C’est du anti-scrolling : au lieu de faire défiler et de liker avec un sourire béat, s’arrêter, faire la grimace, se faire mal à la tête, en chasser le brouillard qui l’engraisse de cholestérol cérébral, injecter du jus dans les circuits, se mettre à danser intérieurement. Pour ça, impossible de chercher à plaire comme le fait mon ami YouTuber. Je ne vais pas prêcher une authenticité idéalisée, mais une forme de désobéissance aux exigences des algorithmes. Parce que la lignification s’est installée pour satisfaire leur logique de filtrage, de classification et d’autogénération.

Nous avons été schématisés, rangés dans des cases, et les contenus doivent être produits pour ces cases. Le génie désormais est purement marketing : s’adresser à la bonne case, ne surtout pas en déborder, ne surtout pas appliquer à l’une les règles d’une autre. Ne surtout pas se comporter en chien fou dans un jeu de quilles. Alors ne pas être classifiable revient à disparaître, et c’est appréciable dans ce monde où tout ce qui est visible devient trop gras et trop sucré.

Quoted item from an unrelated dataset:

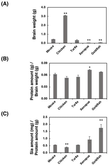 Comparison of brain weight, protein concentration, and Sia concentration for the five different vertebrate brains. Brains from five different vertebrates (mouse, chicken, turtle, xenopus, goldfish, (n = 3)) were used. (A) Comparison of the brain weights of the five vertebrate brains. (B) Protein amount (g) per brain weight (g). Brains were homogenized using lysis buffer, and a bicinchoninic acid (BCA) assay was performed to determine the protein concentration. (C) Sia amount (mg) per protein amount (g). Brain homogenate was treated with a strong acid to achieve hydrolysis of sialylglycoconjugates. All Sia residues were completely released and labeled with 1,2-dimethylenedioxybenzen (DMB). Sia–DMB was separated using a Wako Handy octadecylsilyl (ODS) column (250 mm × 4.6 mm, Wako). The absolute amount of Sia was calculated based on the authentic Neu5Ac. * indicates p < 0.05. ** indicates p < 0.01.

Je n’ai jamais donné d’autre nom à mon site que le mien, parce qu’un nom l’aurait déjà transformé en produit, définissant mécaniquement une cible. Je ne suis pas un produit, juste un humain qui survit dans un monde en déroute. Je dis ce que je pense, quitte à me contredire. J’expérimente, quitte à me tromper. Je ne cache pas ma fragilité, mon incertitude, tout en essayant de faire preuve de détermination. Ma plus grande peur : finir par manquer d’énergie, me ranger dans une case… Ce serait si confortable de répondre aux exigences des machines, mais je ne supporterais pas longtemps de vivre sans headbang, et sans tenter d’en provoquer chez vous. J’attends en retour que vous me secouiez les méninges. Soyons inconfortables les uns envers les autres. Fatiguons-nous, épuisons-nous, emmerdons-nous, mais vivons, bordel.